Brein gaat piraterij aanpakken met nieuw systeem
Jarenlang werd illegaal downloaden gedoogd in Nederland. Inmiddels is er wetgeving die piraterij strafbaar stelt. Het betrappen en identificeren van boosdoeners is echter moeilijker dan het juridisch kader aanpassen. Stichting Brein, de nationale anti-piraterij organisatie, heeft nu software ontwikkeld om dat makkelijker te maken. Ook regelmatige gebruikers van Popcorn Time lopen risico gepakt te worden.
Brein gaat vanaf begin 2016 de druk opvoeren voor verspreiders van illegale content. Met het nieuwe systeem kan Brein ‘uitgebreid geautomatiseerd monitoren op Nederlandse eerste en grote bittorrent uploaders’, vertelt Tim Kuik, directeur van Stichting Brein. ‘Wij verwachten er veel meer te kunnen identificeren dan voorheen.’
Het gaat Brein vooral om ip-adressen die regelmatig auteursrechtelijk beschermd materiaal uploaden. Dan hebben we over grote verspreiders, die Brein niet beschouwd als individuele downloaders maar als bron. Wie echter een filmpje of serie downloadt via bijvoorbeeld Popcorn Time deelt dat materiaal ook automatisch met anderen. Regelmatig gebruikers van dit soort sites komen in het Brein-systeem daarom ook bovendrijven.
De internationale strijd tegen piraterij lijkt te verhevigen de laatste tijd. Dat de in september opgerichte Vereniging van Professionele Speelfilm Ondernemers de aanpak van illegaal downloaden tot speerpunt heeft gemaakt, staat volgens Kuik los van Breins geïntensiveerde activiteit. Wat er gebeurt in diverse buitenlanden heeft waarschijnlijk meer relevantie. In Groot-Brittannië heeft de rechter Popcorn Time al verboden en in de VS is de site ook op zwart gegaan. Binnen Nederland heeft Brein onlangs twee techneuten opgespoord die bezig waren met de ontwikkeling van Popcorn Time-software. Een schikking is getroffen en de software is verwijderd.
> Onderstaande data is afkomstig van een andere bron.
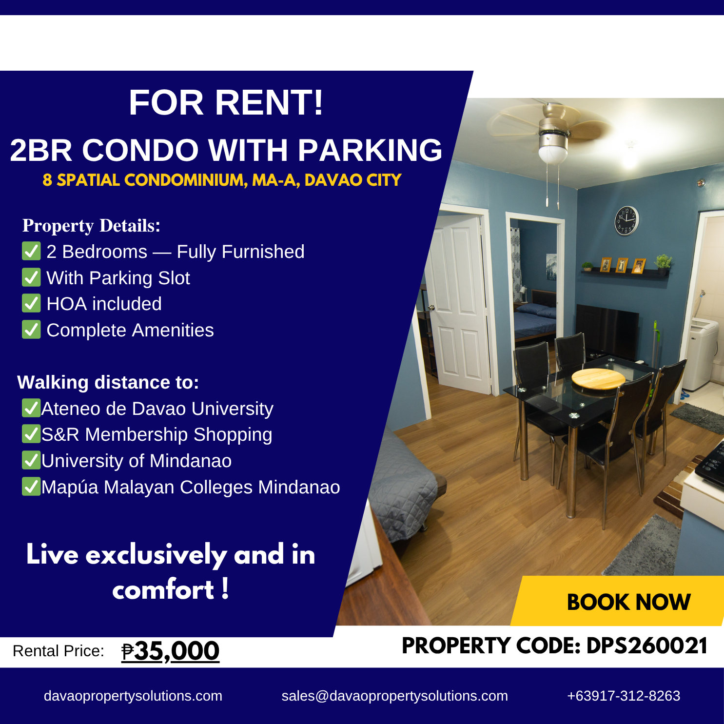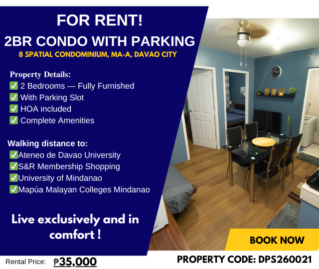 For Rent: 2BR Condo with Parking – 8 Spatial, Ma-a, Davao City

Juridisch heeft Brein nog een paar stappen te zetten. Met het nieuwe systeem zijn verdachte ip-adressen op te sporen, maar om erachter te komen wie er achter die adressen schuilgaan moet de organisatie naar de providers stappen. Die zijn er doorgaans niet zo happig op klantgegevens vrij te geven en beroepen zich op de bescherming van privacy. ‘Als zij de gegevens niet vrijwillig afgeven dan doen we het via een rechterlijk bevel’, stelt Kuik. ‘De Hoge Raad heeft in het Lycos/Pessers arrest neergelegd dat providers identiteitsgegevens moeten afgeven aan een benadeelde partij die schade lijdt. De belangen van de uploader leggen bij dit soort ernstige, opzettelijke inbreuken minder gewicht in de schaal dan de effectieve bescherming van rechten op intellectueel eigendom. Dat is recent nog bevestigd door het Hof van Justitie van de EU, die stelde dat zelfs het bankgeheim geen rechtvaardiging is voor de weigering identificerende gegevens te verstrekken.’